Sorry I didn't describe the system very well.. My terminology may be highly suspect. It does say Heatrae Sadia (or similar) on the tank.

I will try the closing the mains tap and running the hot water to see. I suspect though the tank will empty first.

Im assuming this is an "unvented" "indirect" heating system as there is a closet room fitted with a large white plastic tank full of cold water. A 22mm mains pipe comes along the bottom of the closet straight through to supply the cold taps in the bathroom and I guess through to the kitchen. A smaller 15mm pipe links this to a device attached to the cold water tank. Something (I assume the tank) is pressurised and there is a guage showing the presssure with a gate valve attached to it. My friend was instructed to open this valve and get the needle to a given setting to maintain pressure, every now and then. Being a flat there is no gravity feed so I guessed that this tank feeds the Potterton Prima condensing boiler. Two pipes exit the top of the boiler and I assume one feeds hot water taps and the other feeds the radiators for central heating.

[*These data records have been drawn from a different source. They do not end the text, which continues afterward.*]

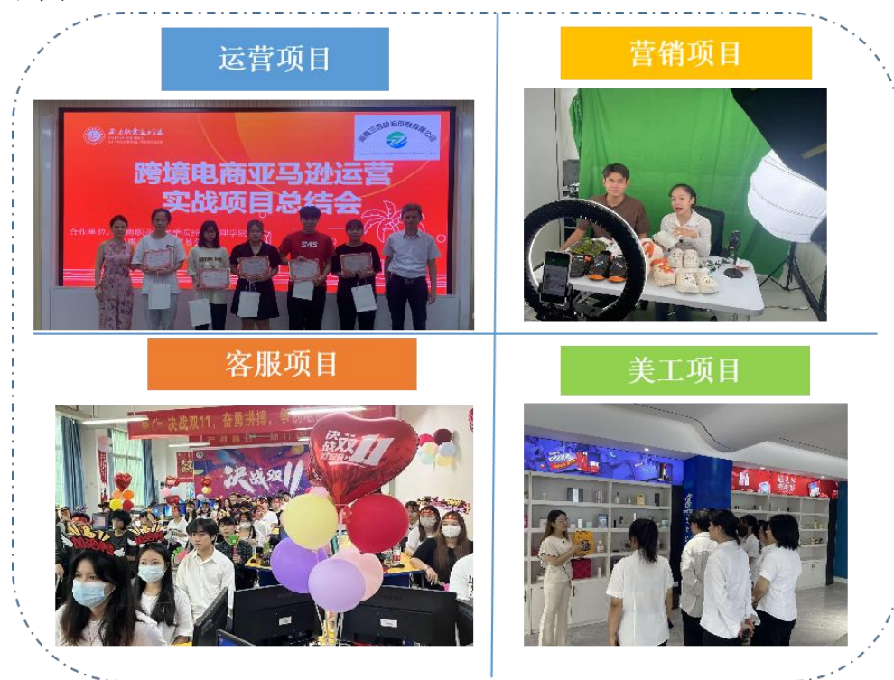
图 2 共同开发实践教学资源

在您好科技集团指导的短视频营销课程中，学生通过注册 TikTok 店铺，从策划、拍摄到后期制作，全方位掌握了实战技能。这一过程特别注重资源的共享与整合，企业贡献其最新的行业案例、技术工具和 workflows，学校则将这些资源转化为教学内容，形成了一套既符合行业标准又满足教学需求的综合性资源体系。这种资源体系不仅确保了教学资源的实用性和前沿性，也使 学生能够紧跟行业发展，提升就业竞争力。
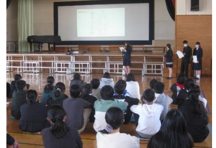
【2/21 岡津小で6年生に中学校生活等について紹介(生徒会本部役員3年)】
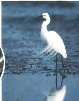
しらさぎ (水辺の鳥)

選定理由…森の豊かさを表わす代表的な鳥です。子どもから大人まで幅広く人気があります。
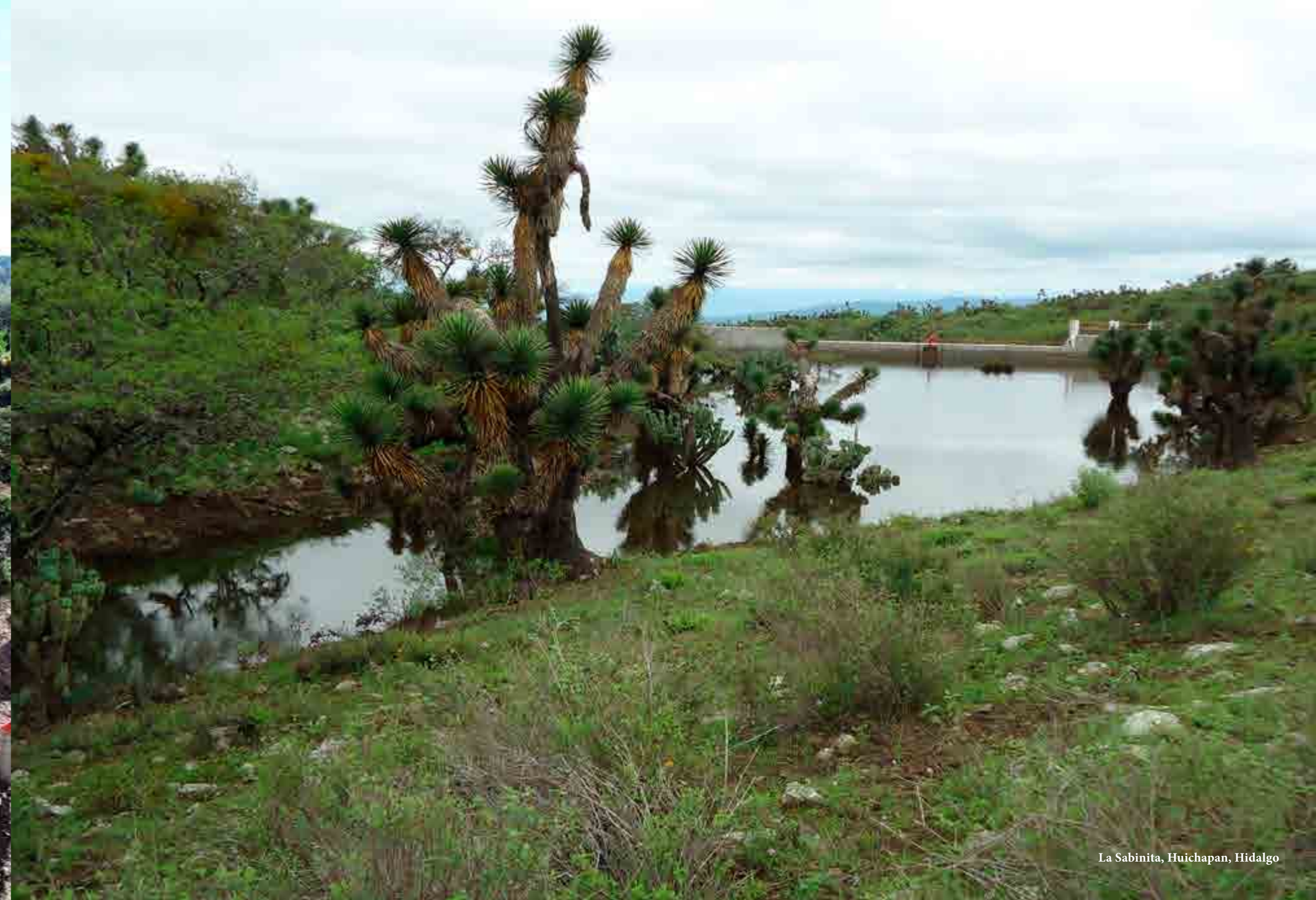
La Sabinita, Huichapan, Hidalgo
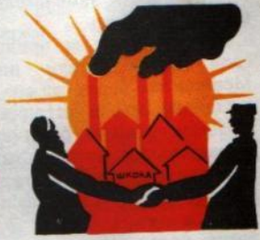
4. ОКТЯБРЬСКУЮ РЕВОЛЮЦИЮ ЗАКРЕПИЛ ЗА НАМИ
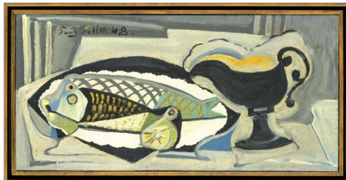
E. Filla: Zátíší s rybou a omáčkou, 1948, olej na plátně, 42,5 x 88 cm
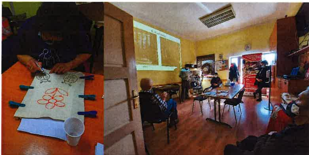
Radionica oslikavanje torbi 29.04.21.
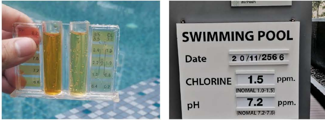
ภาพที่ 3.5.4-1 วิธีการตรวจวัด pH และ Free Chlorine
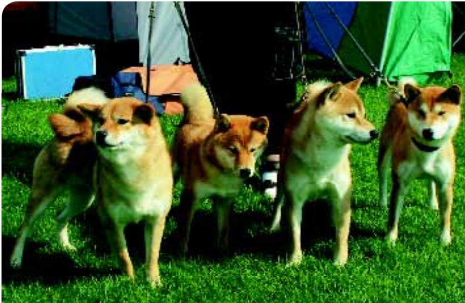
♦ De Shiba lijkt, net zoals een aantal andere Japanse rassen, op de Taiwan Dog. (Foto: Ria Hörter).

Dog zou kunnen rangschikken. Het eerste teken dat er in het oude Formosa – tot 1945 de naam van Taiwan – honden bij de jacht zijn gebruikt, zie ik in Wulai, in het noorden van Taiwan. Het is een metershoog houten beeld van een jager uit de Atayal stam, behorend tot de aboriginals van Taiwan. Naast de jager staan twee honden.
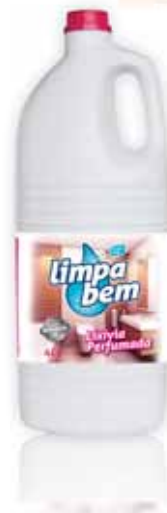
Perfumada Perfumed Parfumé Perfumada
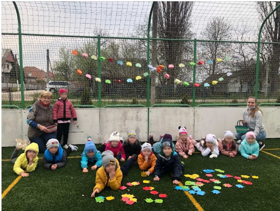
Saját felvétel (2021.04.21)

Végeredményben az elején említett visszacsatolás abban mutatkozott meg, hogy a gyerekek visszatudtak emlékezni, az előző évszakban bemutatott növényekre. Tudták a növény nevét és tulajdonságát. Emlékeztek a fenyőfára, arra, hogy ez egy örökzöld növény, tudták, hogy mi a termése. Aztán a csipkebokorra is emlékeztek, észrevették a változást rajta. Tudták azt is, hogy mi változott meg őszi óta és hogy ez miért történt. Fontos, hogy a gyerekeknek a tanösvényt játékosan mutassuk be, így jobban megjegyzik a fontos dolgokat. Ezért úgy gondolom, hogy az ilyen jellegű tanösvényeket óvodában is lehet és kell is alkalmazni.
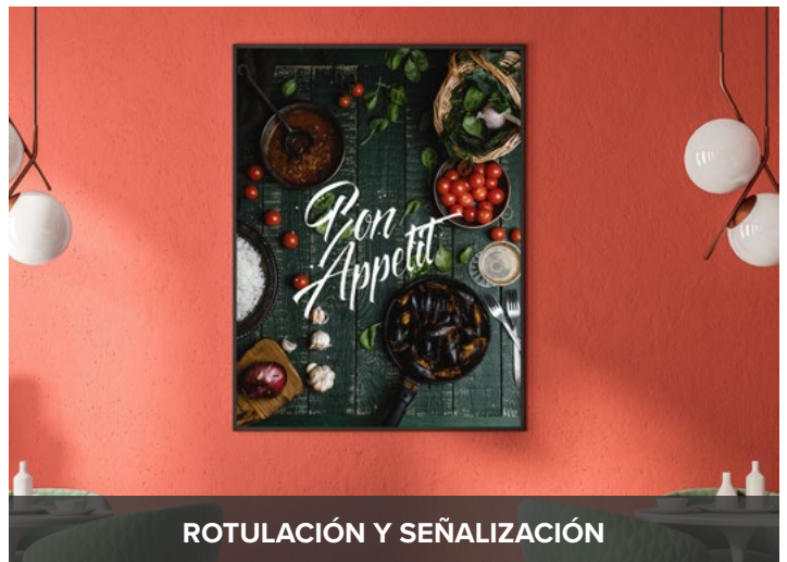
ROTULACIÓN Y SEÑALIZACIÓN
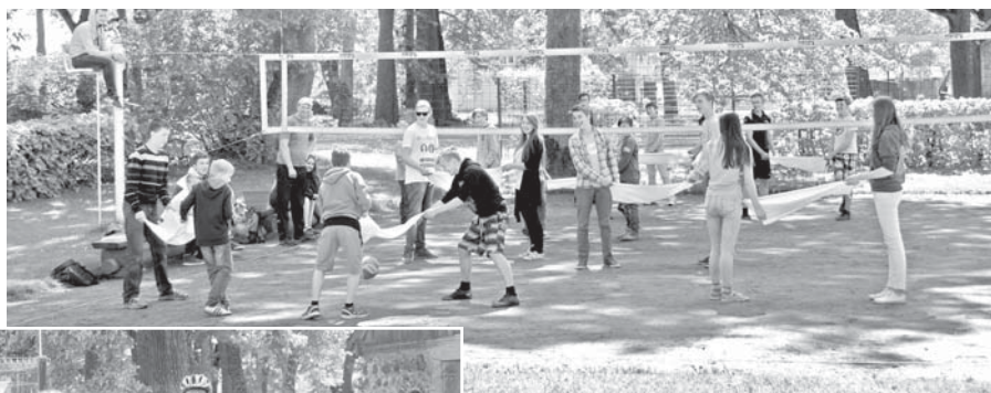
Aizraujošais un netradicionālais "Dvieļbols".

23. – 29. maijā Latvijā daudzi novadi iesaistījās tradicionālajā Latvijas Veselības nedēļā. Arī Mazzalvē visa nedēļa bija saplānota ar dažādām sportiskām aktivitātēm, jo sports un aktīvs dzīvesveids ir drošākais ceļš uz veselību. Vairums sportotāju bija Mazzalves pamatskolas skolēni, bet viņiem pievienojās arī pieaugušie – skolotāji, skolas darbinieki, vecāki, pagasta ļaudis. Visu nedēļu ap Ērberģes
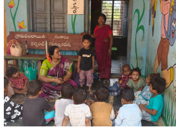
స్వన్న పౌష్టికాహారం వివరాలను అడిగి తెలుసుకున్నారు. అంగన్వాడీ టీచర్లు, ఆయాలు ఎలాంటి అక్రమ చెల్లింపులు చేస్తున్నారా
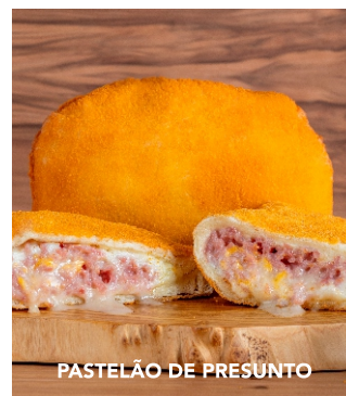
PASTELÃO DE PRESUNTO
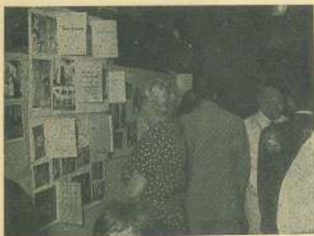
En el vestíbulo de la Sala "Tespis" el público se informó de los 25 años de Teatro Universitario a través de una Exposición.

cipación está tan cercana que poco empieza a pesar el sentido de responsabilidad. Es posible y probable que una mujer de 25 verdes todavía no los oculte ni se los reste.
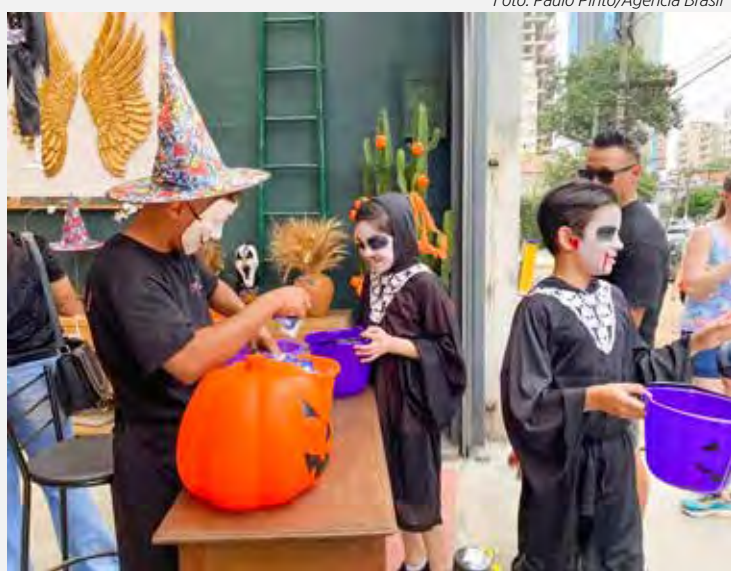
Crianças usam fantasias para comemorar o halloween
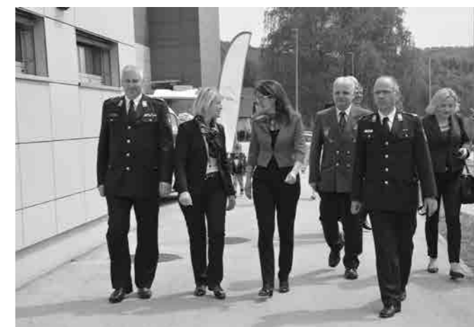
Ministrica na obisku

samo za sodobno zaščitno in reševalno opremo – največja prednost je v vsakem posamezniku, njegovi pripravljenosti, znanju in usposobljenosti. Poseben izziv pa predstavlja dejstvo, da je delovanje prostovoljstva v razmerah tržne ekonomije še posebej zahtevno. Prav zato ga še toliko bolj cenimo.« Posebej je izpostavila našo visoko stopnjo profesionalnosti in usposobljenosti ter dobro sodelovanje s poklicnimi gasilci, zaposlenimi v službah NMP, Upravi RS za zaščito in reševanje,
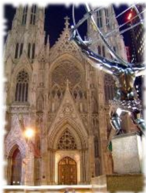
Fig. 1. La statua di Atlante del Rockfeller Center fronteggia, quasi a tono di sfida, la facciata della cattedrale di St. Patrick.

Scolpita nel 1937 da un artista americano nato in Germania, Lee Lawrie, e inserita a decorazione del palazzo che nel progetto affaristico del multimiliardario doveva ergersi a simboleggiare l'Italia tra gli altri edifici rappresentativi della vecchia Europa, essa resistette allo smantellamento che invece interessò tutte le altre formelle del Bel Paese non appena gli Stati Uniti furono coinvolti nella Seconda guerra mon-
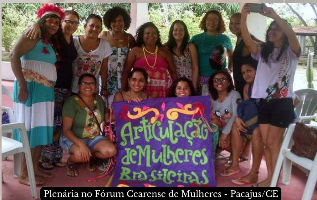
Plenária no Fórum Cearense de Mulheres - Pacajus/CE
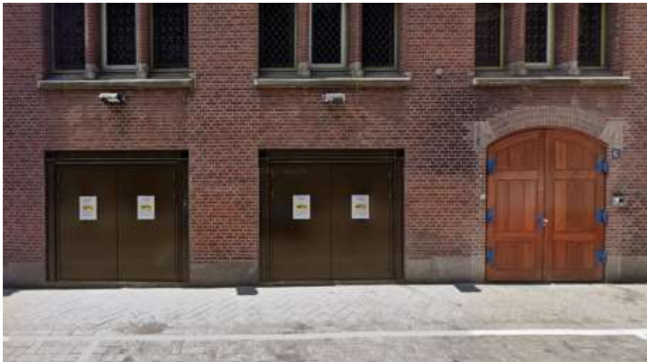
Beursstraat 6: Expeditie
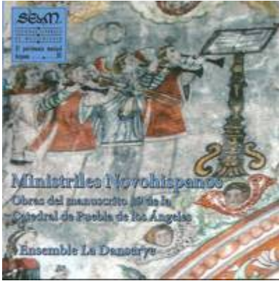
Batalla, 4v. Clément Janequin. Ministriles Novohispanos . Obras del manuscrito 19 de la catedral de la Puebla de los Ángeles. Ensemble La Danserye. SEdM, 2013.

https://www.historicalsoundscapes.com/recursos/2/5/batalla_-_parte_1.mp3
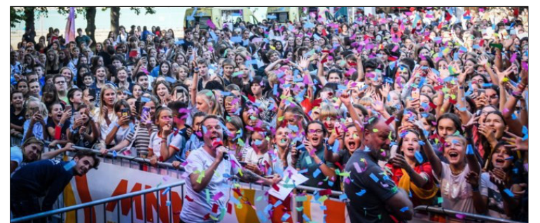
Strafste School – 2 september 2019

Leer je digitaal fotoestel kennen en gebruiken. Dan kun je hier individuele hulp krijgen. Iedere woensdagvoormiddag (behalve vakanties) vanaf 10 u. kan je hiervoor bij Seniorama terecht. Inschrijven 016 22 20 14. Merk en type van fotoestel opgeven. Bijdrage: € 5, vooraf te betalen. Meebrengen: fotoestel. Toestel moet opgeladen zijn.
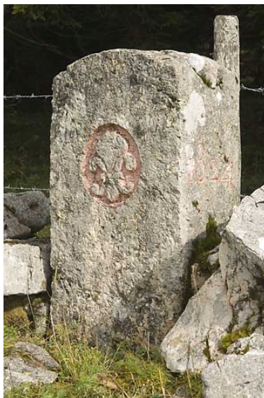
Borne n° 42 : fleur de lys côté France.
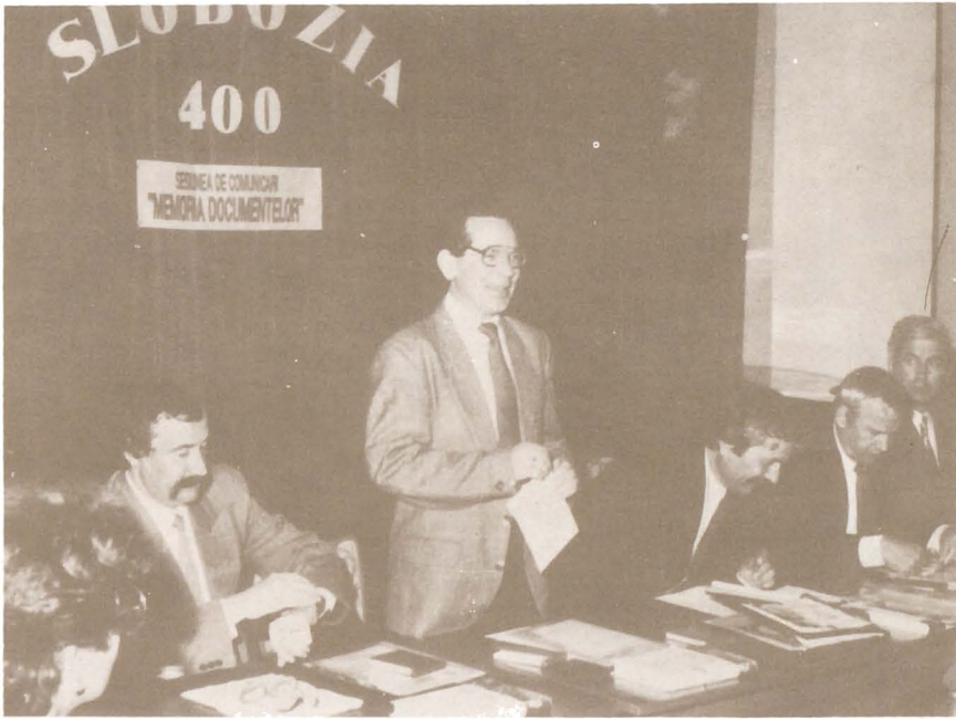
Săptămâna Internațională a Arhivelor. Sesiunea de comunicări "Memoria documentelor - Slobozia 400" - mai 1994.
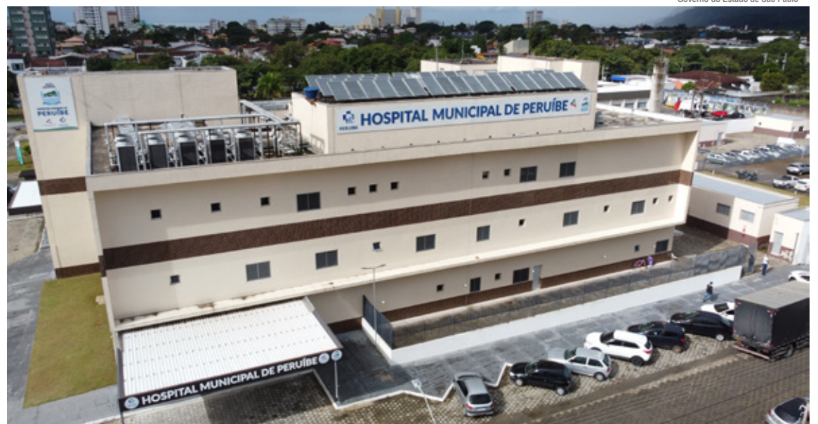
Em pleno funcionamento, unidade terá 72 leitos, sendo 20 de UTI
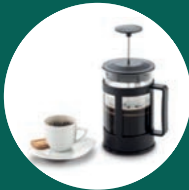
Cafetera en Vidrio 600ml + 550 puntos
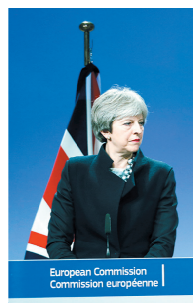
12月4日,在位于比利时布鲁塞尔的欧盟总部,英国首相特雷莎·梅(左)与欧盟委员会主席容克出席新闻发布会。

但特雷莎·梅和容克的谈判并不顺利,双方先是比原计划多谈了近50分钟,随后又临时安排了一场只有3分钟左右的新闻发布会。容克在发布会上称特雷莎·梅是“强硬的谈判对手”,双方在4日达成完整协议的计划落空了,“但这不是失败,只是最后扫尾阶段的开始”。他同时强调自己对在12月15日欧盟峰会前取得足够
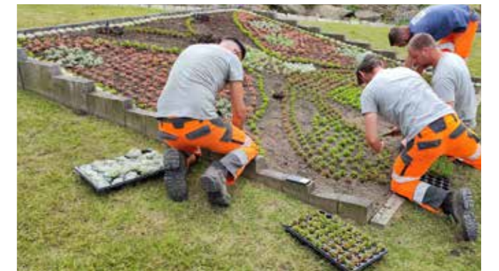
Rendez-vous au Jardin des plantes pour découvrir le papillon végétal
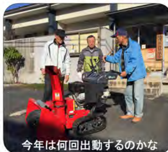
今年は何回出動するのかな
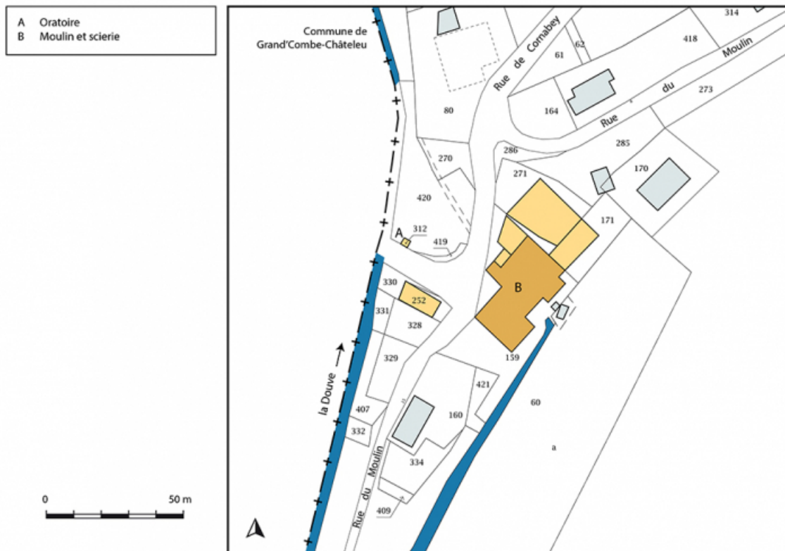
Plan-masse et de situation. Extrait du plan cadastral, 2017, section A, 1/1 000. 25, Montlebon, lieu-dit : Cornabey
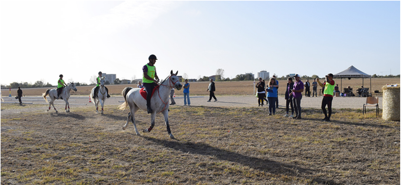
Curse de anduranță la Herghelia Mangalia

I think the last bit of advice seems sensible. Open a hot tap and refill.. I hope these push on connectors are as good as I hear... I just wasn't sure how to refill this tank, the gate valve with the guage definately allows water to flow under pressure as you can hear it.

I just can't find any valves to isolate the taps from the water supply and wondered how to do this. My house has plastic service valves all over the place and it makes this sort of job straightforward!